MOAPA — Loren and Margie Miller were just starting their cross-country trip when a devastating flash flood sent their vacation plans into a waterlogged tailspin.
On Monday, the Fresno, Calif., couple were just hours into their days-long trek to see their son in Kentucky and then move on to Florida. They planned to play a round of golf on the way in St. George, Utah.
But what started as a coffee break turned into a harrowing tale and dramatic rescue in the deluge that wrecked homes and ripped out chunks of Interstate 15 as it tore across Southern Nevada.
The rain had picked up as they passed through Las Vegas. The Millers, who have been married for 46 years, pulled off at the Glendale exit, 50 miles northeast of Las Vegas, to grab some coffee.
But before they could even get off the freeway, a raging river of floodwater swamped their Toyota Sienna minivan. Within seconds, the van was adrift, sliding and spinning at the mercy of Mother Nature.
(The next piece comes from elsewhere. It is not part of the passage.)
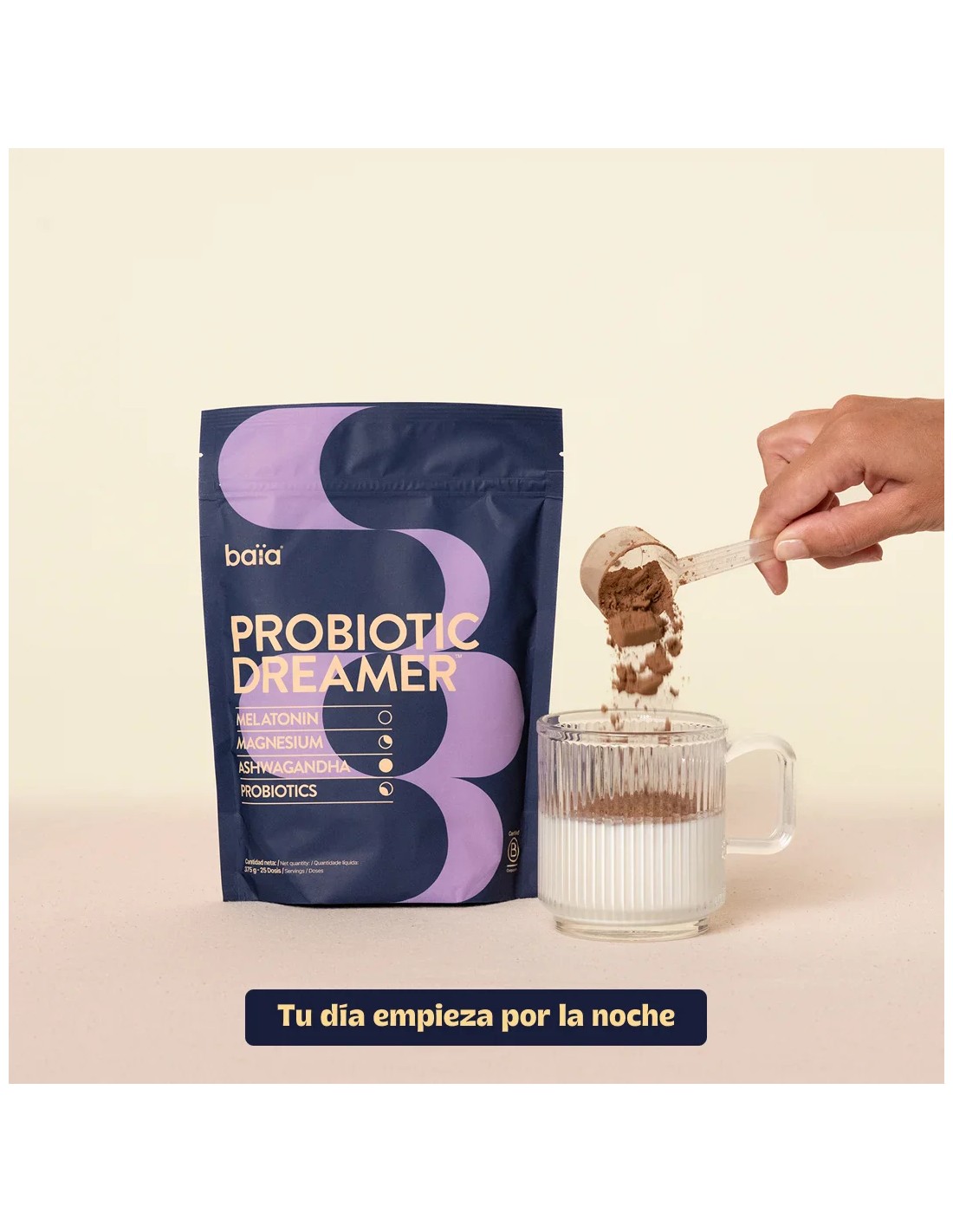 Probiotic Dreamer™ es un complemento alimenticio en polvo diseñado para mejorar la calidad del sueño de forma natural, actuando sobre el eje intestino-cerebro. Su fórmula combina ingredientes patentados que trabajan en sinergia para ayudar a conciliar el sueño más rápido, prolongarlo y favorecer un descanso más profundo y reparador.

The flash food swept them from the exit ramp and pushed them under the I-15 overpass as their minivan filled with muddy water and debris. Margie, sitting on the passenger side of the van, opened her door before the water could pin it shut.
But the move nearly proved deadly.
Loren grabbed his wife’s hands, trying to keep her from plunging into the floodwaters. But the force was too much, and she slipped from his grasp.
Margie struggled to keep her head above the rushing water as it swept her 100 yards. Gasping for air, she saw a Las Vegas police officer pop into view.
The Metro officer urged her to swim toward him — and seconds later, he plucked her from the murky, silty water.
“I just kept trying to live,” Margie said Tuesday, standing outside her room at the Glendale Motel.
While Margie was being pulled to safety, her husband, in a panic, had climbed on top of their van under the overpass. Water was nearly touching his toes when he heard other voices calling him.
Four construction workers who had seen the van drift from the highway tossed him a rope that he he tied around his arms — and then he jumped. The crew pulled him out of the water and onto the nearby embankment.
“I feel dumb, in a way, to get caught in it,” Loren said as he laid out clothes, blankets and bags to dry outside his motel room. “It happened so fast.”
He said he barely slept Monday night as images of his wife slipping from his grip haunted him.
“I thought I was never going to see her again,” Loren said.
What’s left of the Miller’s minivan sits in its muddy grave along I-15, a few hundred yards from where the nightmare happened. They had only had the van for six weeks. Now it’s totalled and filled with 2 feet of mud in spots.
Now, with no van or cellphones, the Millers are planning on making their way back home to Fresno rather than continuing their vacation. They’re just not sure how they’ll get there: They may rent a car or have their van towed.
“We lost a lot of stuff but still have life,” Loren said. “I’ve learned a tremendous amount of respect for rain.”
The Millers weren’t the only ones to lose property in Monday’s torrential rains, which dumped up to 4 inches in some parts of Clark County. The system was pushed north by remnants of Hurricane Norbert, which also flooded Phoenix and other parts of Arizona. A nearly 20-mile stretch of I-15 in northeast Clark County, including the spot where the Millers were swept away, is closed after sections of the freeway caved in.
But now the Millers take new perspectives on life.
“It’s taken all my wishes for adventure away,” Margie said.
And Loren is thinking about material things.
Just before they started their trip, they had been arguing about a soap dish that Loren wanted to get rid of. But Margie wanted to hang on to it.
“That soap dish really wasn’t a big issue, was it?” he said.
The flood reminded them there are more important things to hang on to.